STANDARDS

Core Art Standards: VA1, VA7, VA10

CCSS: R2, R5, R6

Q&A With Jordan Casteel

This painter tells Scholastic Art how and why she makes portraits

Jordan Casteel (b. 1989), Pretty in Pink, 2019. Oil on canvas. 45 x 30 inches / 114.3 x 76.2 cm. Photo: Jason Wyche. ©Jordan Casteel/Courtesy of the artist and Casey Kaplan, New York.

How does Casteel illustrate the subject’s personality using color in this painting?

Aundre Larrow

Jordan Casteel

Personal connection might be the defining feature of Jordan Casteel’s portraits. The artist was born in Denver in 1989 and lives and works in New York today. Her portraits feature friends, family, and people in her community—often those who wouldn’t otherwise appear on a museum wall. Through many layers of paint, Casteel shows great respect for and understanding of her subjects.

Scholastic Art: When did you first start making portraits? Why?

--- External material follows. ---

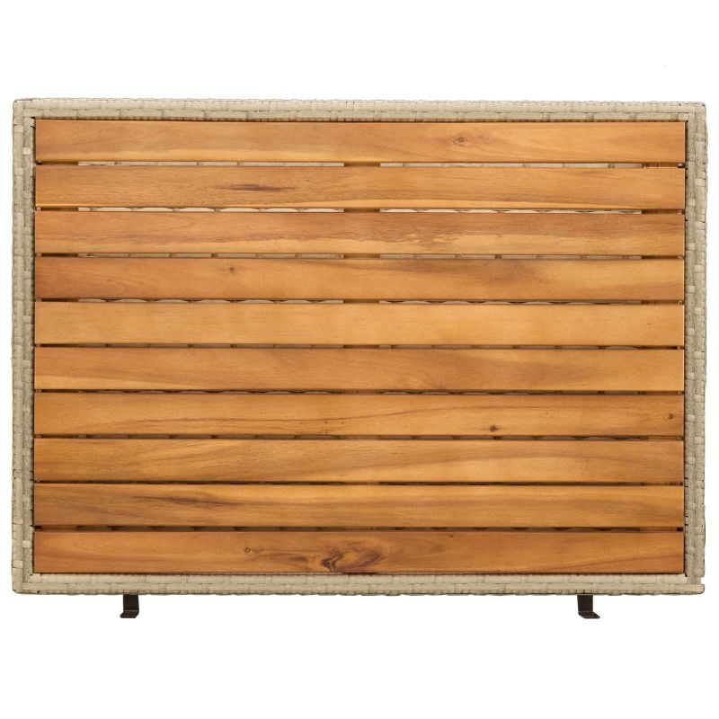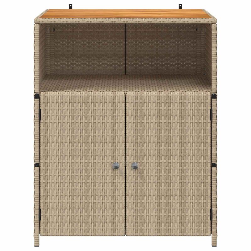 Dieser schicke Rattan-Schrank mit Holzoberfläche bringt modernen Flair in dein Zuhause, drinnen und draußen. Er wurde so gestaltet, dass er perfekt in jeden Garten oder jede Terrasse passt. Mit klaren Linien und durchdachtem Design strahlt er Einfachheit und Stil aus. Die Mischung aus Materialien und Farben macht ihn zu einer vielseitigen Ergänzung für viele Einrichtungsstile und ist die ideale Lösung für Hausbesitzer, die nach praktischen und schicken Möbeln suchen. Massivholz Akazie: Der Schrank hat eine robuste Oberfläche aus massivem Akazienholz, bekannt für seine Stärke und Wetterbeständigkeit. Die natürlichen Holzfarben sorgen für Wärme und Charakter und passen perfekt zu dem modernen Design. Pulverbeschichteter Stahlrahmen: Der stabile pulverbeschichtete Stahlrahmen sorgt für Langlebigkeit. Die geölte Oberfläche erhöht die Ästhetik und schützt vor Feuchtigkeit. Poly-Rattan-Elemente: Regale und Türen aus Poly-Rattan bieten eine coole Kombination aus Textur und Widerstandsfähigkeit, ideal für drinnen und draußen. Geräumiges Design: Mit viel Stauraum kann der Schrank verschiedene Sachen wie Gartenwerkzeuge oder Haushaltsartikel unterbringen. So bleibt alles schön ordentlich. Pflegehinweise: Damit der Schrank lange schön bleibt, gelegentlich mit einem weichen, feuchten Tuch reinigen. Scharfe Chemikalien vermeiden, um die Oberfläche zu schonen.

Jordan Casteel: In high school, I got put in a drawing class that terrified me. I thought it was going to ruin my GPA. But I found that I really loved being in the studio and drawing. I would pull pictures of my family from photo albums and then replicate those pictures as drawings. By the time I got to college, I was doing little cartoon portraits of my friends for their dorm room doors. My junior year, I studied abroad in Italy and started painting portraits of the groundskeeping staff and my classmates. Through graduate school, I just kept coming back to the human form.

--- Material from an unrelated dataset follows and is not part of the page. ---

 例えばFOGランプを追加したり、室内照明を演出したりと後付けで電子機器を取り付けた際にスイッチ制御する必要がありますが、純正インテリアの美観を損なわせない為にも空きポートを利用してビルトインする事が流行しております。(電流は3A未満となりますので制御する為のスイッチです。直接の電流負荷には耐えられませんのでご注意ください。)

SA: What do you hope to learn by painting portraits?

JC: Portrait painting is an opportunity for me to slow down and really investigate and engage with the person and their environment. I can get out of my head and my assumptions about who I’m painting and really get into the nuance of what makes that person who they are. It could be the subtlety of the way they hold their hands, or it could be the environment that I capture them in. It’s different than just taking a photograph.

SA: How do you think about color?

JC: My process begins with a tool called Color-aids, which are basically expensive paint chips. I use them to determine the colors in a painting. I throw hundreds of them on the floor, and I just begin to play. I pick up one color that captures the energy of the person I’m getting ready to paint. That first color goes on the background as a wash. It becomes a source of light for the painting. Once I’ve made that initial decision, I begin to pick out the rest of the colors. I put the Color-aids on the wall next to the canvas I’m working on, using them as a guide. It all comes together much more easily when I’ve prepared myself for the moments when real freedom can exist—when I’m actually painting.

Jordan Casteel, Lean, 2018. Oil on canvas. 72 x 56" / 182.88 x 142.24cm. Photo: Jason Wyche. ©Jordan Casteel/Courtesy of the artist and Casey Kaplan, New York.

What do you interpret about the figures in this portrait? Does it matter that you can’t see their faces?

SA: In a painting like Lean, above, which takes place on the New York City subway, why do you choose not to include the subjects’ faces?

JC: It is the only circumstance in my practice where the gaze is not direct, because I am not directly engaging with them. I use my cell phone to capture a moment when someone has captured my attention. It’s about seeing and being seen. The engagement is just different than in my big portraits, where they’re all people I know and have asked to participate in the process. [In the subway paintings,] I’m interested in color, composition, and the subtlety of how people carry themselves.

Jordan Casteel, Yvonne and James II, 2021. Oil on canvas. 90 x 78" / 228.6 x 198.12cm. Photo: Jason Wyche. ©Jordan Casteel/Courtesy of the artist and Casey Kaplan, New York.

What narrative do you think Casteel presents in this painting? What clues does she offer?

SA: What advice do you have for aspiring young artists?

JS: Always apply for everything. Even a rejection brings you one step closer to your goal. The number of times that I thought I wasn’t good enough and didn’t throw my hat in the ring for opportunities is something that I deeply regret. The times that changed my life or got me closer to my dreams have been when I took a leap of faith and had to trust that either something would rise up to meet me or that I would learn to fly.